Ecological interactions between different domains of life impact the balance of ecosystems and human health. This point is made with destructive clarity by the current coronavirus disease (COVID-19) outbreak, caused by SARS-CoV-2. The pandemic has its origin as a zoonotic pathogen but its transmission pathway to humans is presently unknown1. As the pandemic progressed, it became clear that many other animals and in particular mammals, were secondary targets of the disease. Also, the presence of virus in sewage and waste water, and probably also in packaged frozen food, represents enormous reservoirs of virus loads and a potential for increased infections through evolution of more transmissable virus variants2. This will invariably affect the efficacies of both detection methods as well as the vaccines currently in use. Thus, to respond to the current challenges the world is facing, an integrated vision that humans, animals, the environment and climate are intricably linked is more important than ever3.

The implementation of genomic sequencing and molecular epidemiology in public health has been largely driven by the detection of viruses during the outbreaks and pandemics4. In 2009, genome sequencing of virus during the outbreak of A(H1N1)pdm 09 suggested that the pandemic had begun almost two months earlier before the first reported case5. Sequencing of outbreak isolates of the Middle-East respiratory syndrome (MERS) virus identified presence of the virus in camels and allowed the documentation of independent cases of transmission from camels to humans6. Wide scale genome sequencing introduced during the 2013-2016 Ebola virus outbreak enabled identification of the sentinel case in the outbreak and phylodynamic insights from large sequencing efforts demonstrated that the outbreak was maintained by human-to-human transmission rather than repeated zoonotic introduction7. In the current pandemic, as SARS-CoV-2 continues to acquire genetic changes, accelerated determination of genome sequences provides the tool vital to monitor and validate the expected sensitivity of various diagnostic assays even within a locality8.

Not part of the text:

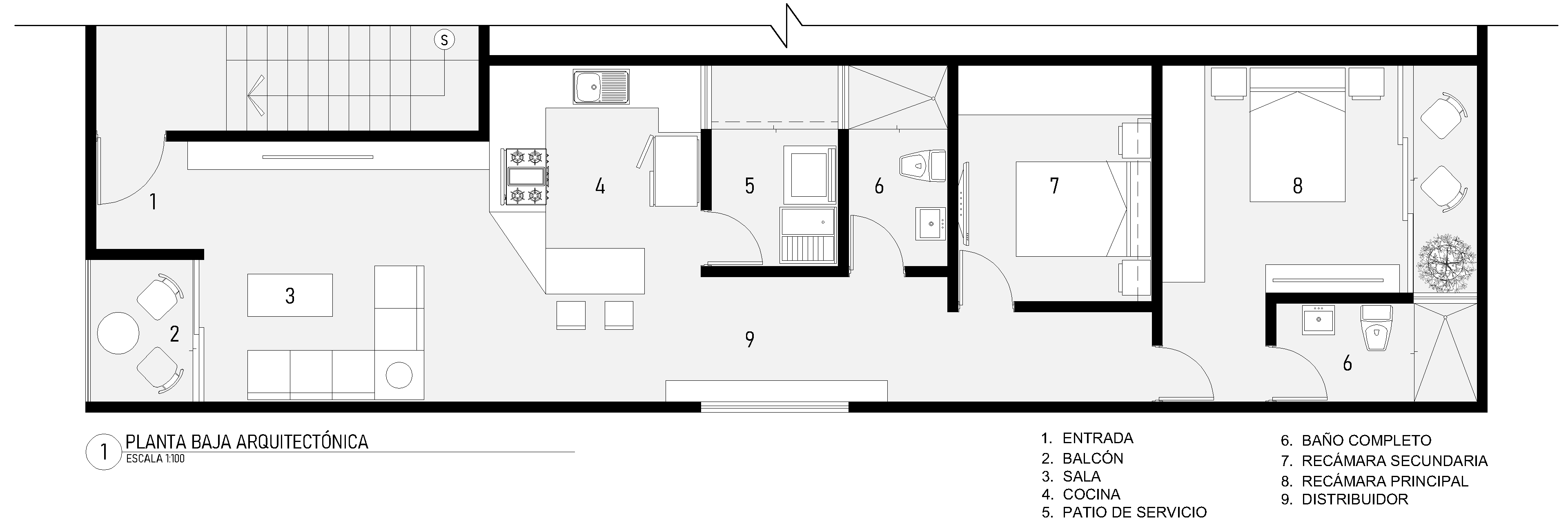 El proyecto se desarrolla de manera lineal, con un ancho de 3.70m en su parte mas angosta y 4.70m en su parte mas amplia, cuenta con sala, cocina con barra desayunadora para 4 personas, dos baños completos, un patio de servicio, recámara principal con una pequeña terraza y una recamará secundaria.

The need to determine origins and transmission routes for an assessment of the emergence and expansion of antimicrobial resistance (AMR) worldwide is an urgent problem. Between 2010 and 2015, the total aggregated consumption of antibiotics in 76 countries increased by 65 per cent from 21.1. to 34.8 billion defined daily doses (DDD), with the greatest increases reported in rapidly emerging economies9. This constitutes a major cause for the emergence of AMR worldwide. The increase in AMR in human health settings is associated with the overuse, misuse as well as an unwarranted use of antimicrobials, either through self-diagnosed medication or over-prescription by medical practioners. This is facilitated through easy and/or illegal access to antimicrobial medication without a prescription10. However, this is dwarfed by the mass usage of antibiotics in livestock farming and aquaculture10. The soaring global demand for meat in low- and middle income countries has led to the growth in meat production levels of 68, 64, and 40 per cent in Africa, Asia and South America, respectively11. The use of antimicrobials in livestock production is enormous comprising 73 per cent of the entire global consumption12. Currently, global consumption of antibiotics is estimated to be 131,000 tons annually. This is predicted to rise by over 60 per cent to around 200,000 tons by 203011. This contributes to the rise in contamination of water bodies and environments by large-scale pharmaceutical production facilities as well as discharge from communities dedicated to healthcare and livestock with antimicrobials. Environmental contamination with pharmaceutical waste provides selection for antimicrobial resistance and promotes transfer of AMR genes among bacterial communities in the environment13.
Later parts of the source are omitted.